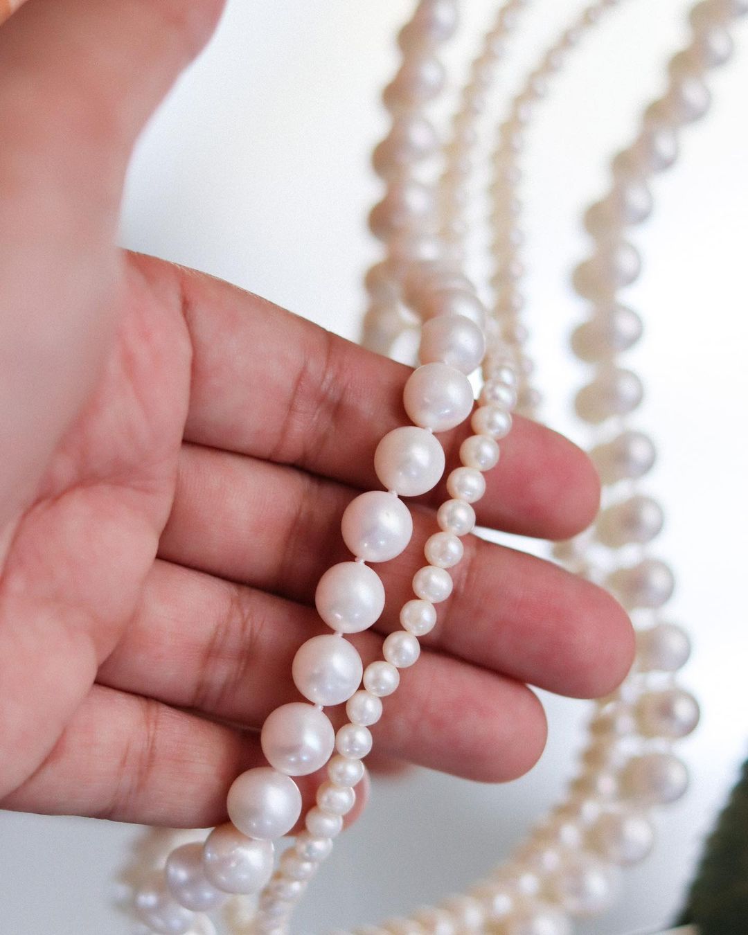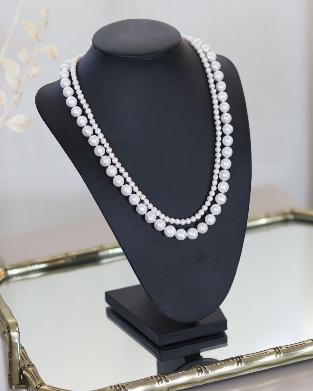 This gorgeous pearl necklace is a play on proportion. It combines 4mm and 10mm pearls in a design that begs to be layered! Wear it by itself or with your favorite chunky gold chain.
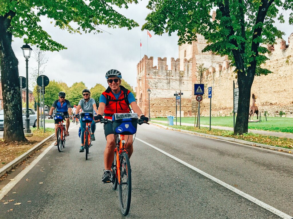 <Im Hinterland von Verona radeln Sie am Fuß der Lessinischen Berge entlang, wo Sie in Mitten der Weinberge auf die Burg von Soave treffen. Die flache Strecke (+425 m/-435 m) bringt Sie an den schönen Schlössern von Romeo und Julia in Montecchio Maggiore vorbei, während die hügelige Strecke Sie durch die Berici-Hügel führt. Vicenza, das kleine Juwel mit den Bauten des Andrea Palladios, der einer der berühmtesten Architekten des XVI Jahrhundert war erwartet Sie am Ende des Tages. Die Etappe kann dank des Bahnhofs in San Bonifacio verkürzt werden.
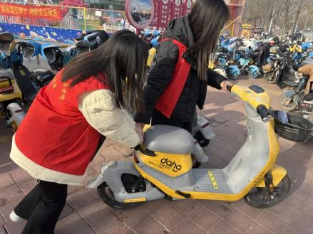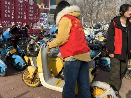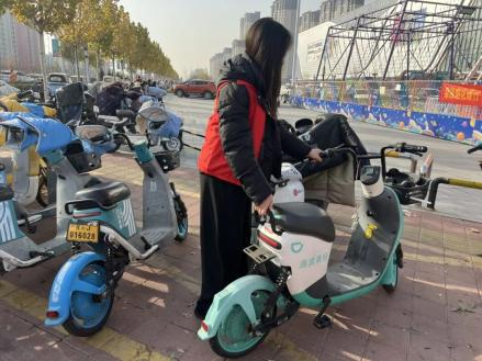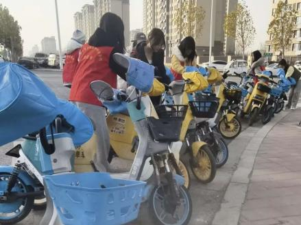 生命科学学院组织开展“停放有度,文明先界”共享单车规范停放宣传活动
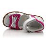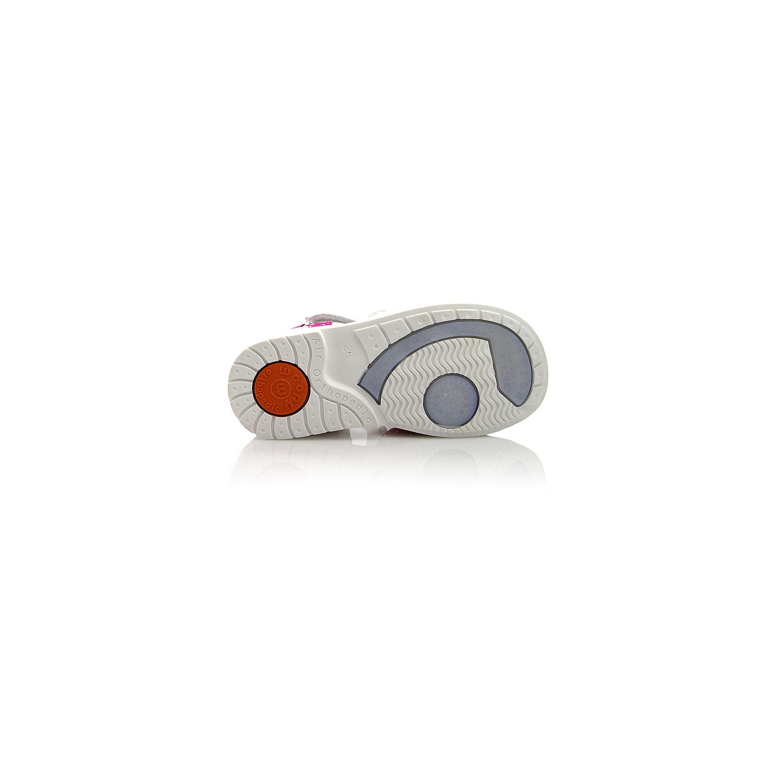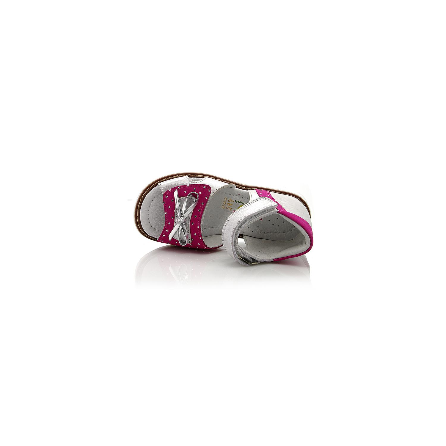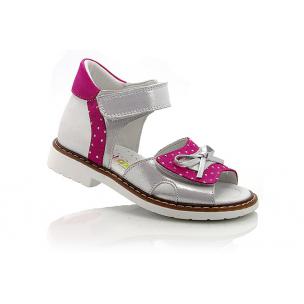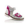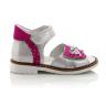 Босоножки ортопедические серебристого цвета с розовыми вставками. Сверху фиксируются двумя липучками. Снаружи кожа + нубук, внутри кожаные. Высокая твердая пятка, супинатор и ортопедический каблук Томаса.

==

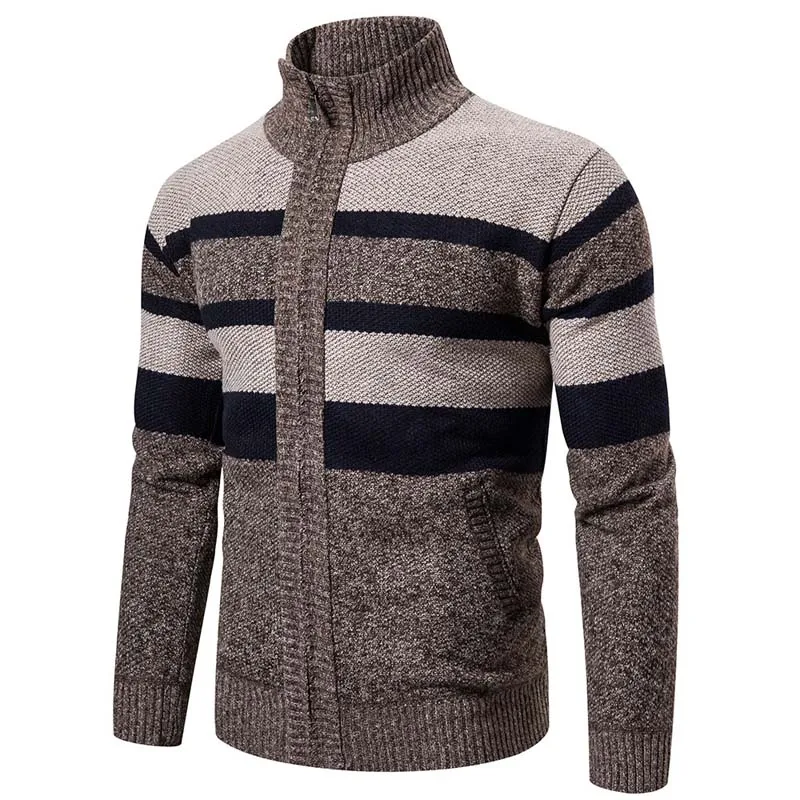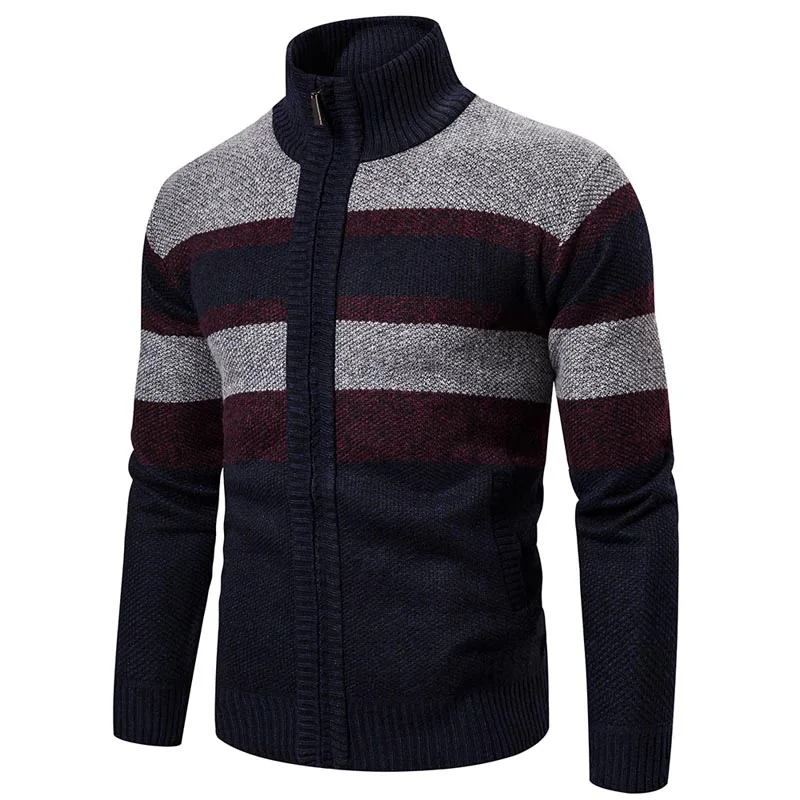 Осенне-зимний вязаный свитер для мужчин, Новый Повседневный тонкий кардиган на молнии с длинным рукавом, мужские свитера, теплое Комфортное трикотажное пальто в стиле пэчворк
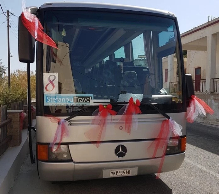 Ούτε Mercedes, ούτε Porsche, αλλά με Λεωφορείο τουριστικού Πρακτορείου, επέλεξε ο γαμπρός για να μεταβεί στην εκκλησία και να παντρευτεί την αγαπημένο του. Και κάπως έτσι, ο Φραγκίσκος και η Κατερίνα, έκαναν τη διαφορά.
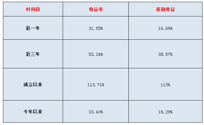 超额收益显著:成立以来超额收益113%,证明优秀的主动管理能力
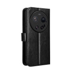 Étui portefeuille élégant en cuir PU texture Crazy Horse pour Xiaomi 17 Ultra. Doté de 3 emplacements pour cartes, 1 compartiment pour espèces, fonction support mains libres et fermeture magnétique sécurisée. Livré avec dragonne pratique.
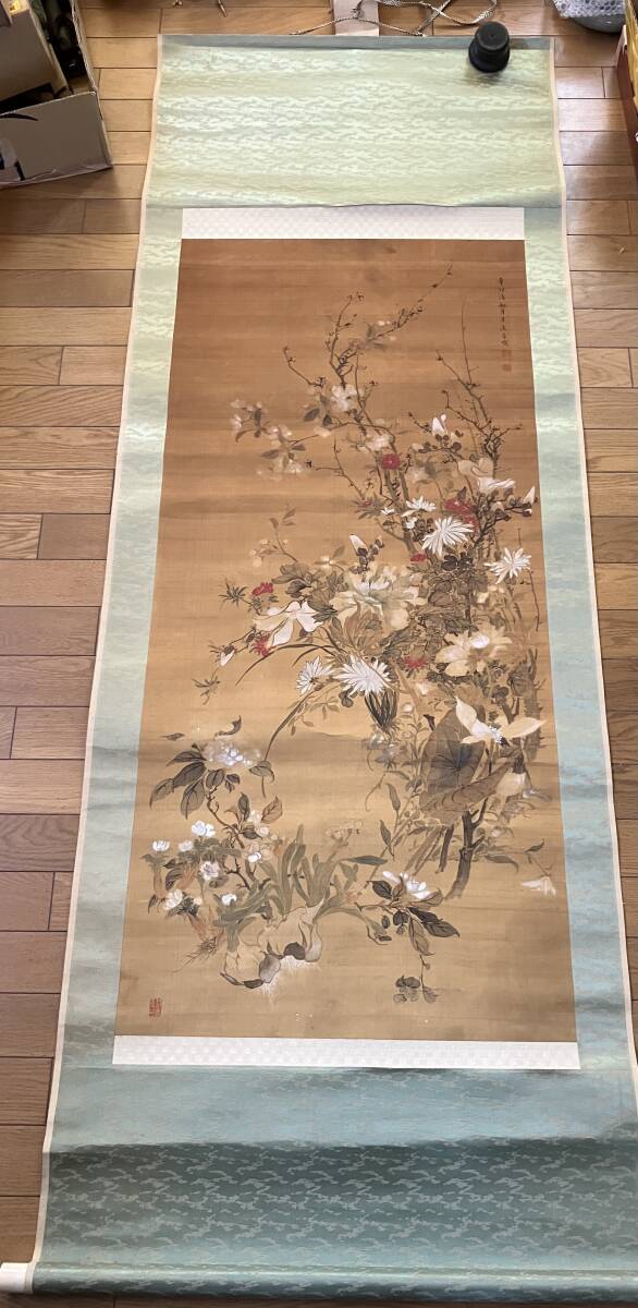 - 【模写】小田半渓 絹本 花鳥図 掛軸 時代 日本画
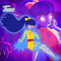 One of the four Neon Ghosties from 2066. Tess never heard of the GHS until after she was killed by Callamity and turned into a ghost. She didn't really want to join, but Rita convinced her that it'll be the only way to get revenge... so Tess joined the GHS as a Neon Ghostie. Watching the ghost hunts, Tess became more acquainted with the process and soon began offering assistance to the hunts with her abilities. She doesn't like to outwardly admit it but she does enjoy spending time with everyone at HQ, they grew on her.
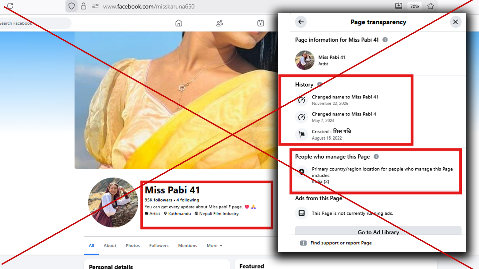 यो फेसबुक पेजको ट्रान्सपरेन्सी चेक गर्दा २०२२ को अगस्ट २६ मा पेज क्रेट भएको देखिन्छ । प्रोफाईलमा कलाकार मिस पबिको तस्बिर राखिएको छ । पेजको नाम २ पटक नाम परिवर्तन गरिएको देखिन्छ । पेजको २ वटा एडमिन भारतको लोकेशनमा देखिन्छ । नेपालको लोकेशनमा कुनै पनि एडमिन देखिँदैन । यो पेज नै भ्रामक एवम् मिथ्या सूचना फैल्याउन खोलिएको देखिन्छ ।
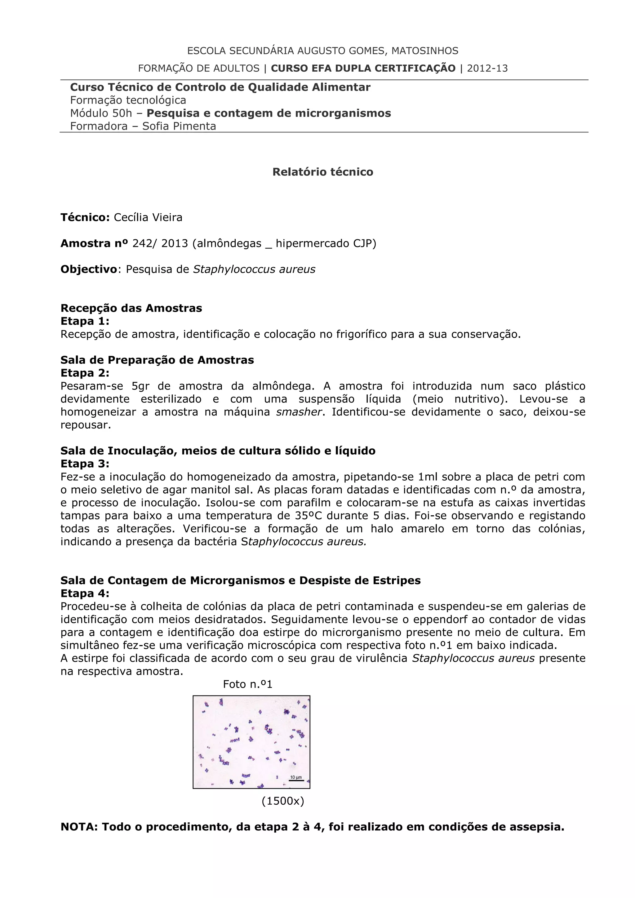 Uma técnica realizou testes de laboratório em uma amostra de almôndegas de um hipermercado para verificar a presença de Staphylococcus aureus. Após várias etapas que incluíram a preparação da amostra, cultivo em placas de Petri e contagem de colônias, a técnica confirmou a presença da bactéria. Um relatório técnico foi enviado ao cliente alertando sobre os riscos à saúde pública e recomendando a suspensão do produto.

---

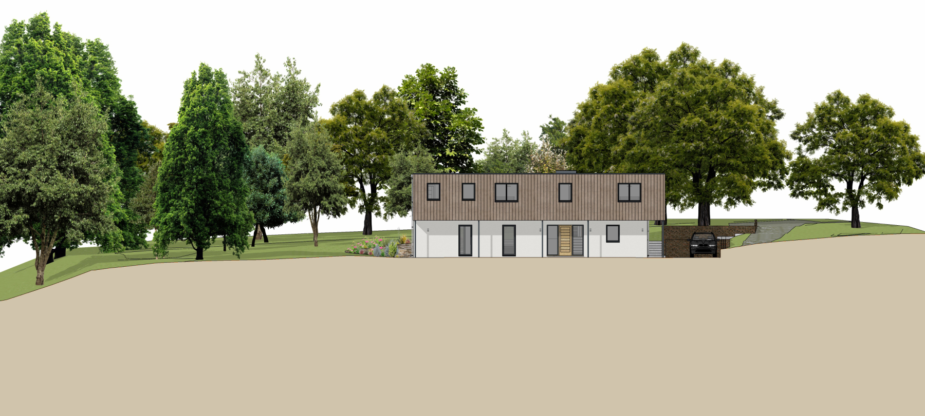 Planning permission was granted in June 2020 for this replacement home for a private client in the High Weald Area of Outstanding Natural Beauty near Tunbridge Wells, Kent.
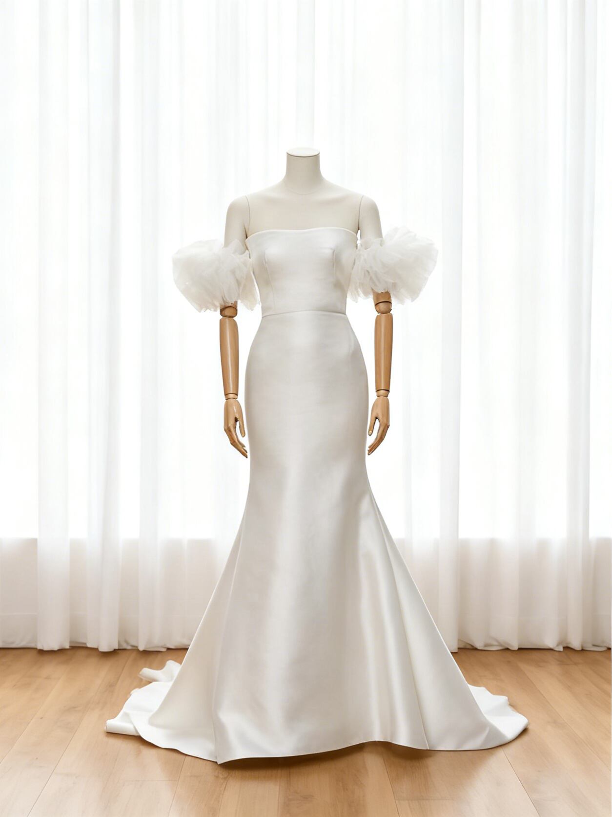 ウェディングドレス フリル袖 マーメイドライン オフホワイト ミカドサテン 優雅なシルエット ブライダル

Work order:
Starting at the line containing "Ούτε Mercedes, ούτε" and stopping at the line containing "- 【模写】小田半渓 絹本 花鳥図 掛軸 時代 日本画", output every line above exactly, both ends included, with pictures omitted.

Written response:
 Ούτε Mercedes, ούτε Porsche, αλλά με Λεωφορείο τουριστικού Πρακτορείου, επέλεξε ο γαμπρός για να μεταβεί στην εκκλησία και να παντρευτεί την αγαπημένο του. Και κάπως έτσι, ο Φραγκίσκος και η Κατερίνα, έκαναν τη διαφορά.
 超额收益显著:成立以来超额收益113%,证明优秀的主动管理能力
 Étui portefeuille élégant en cuir PU texture Crazy Horse pour Xiaomi 17 Ultra. Doté de 3 emplacements pour cartes, 1 compartiment pour espèces, fonction support mains libres et fermeture magnétique sécurisée. Livré avec dragonne pratique.
 - 【模写】小田半渓 絹本 花鳥図 掛軸 時代 日本画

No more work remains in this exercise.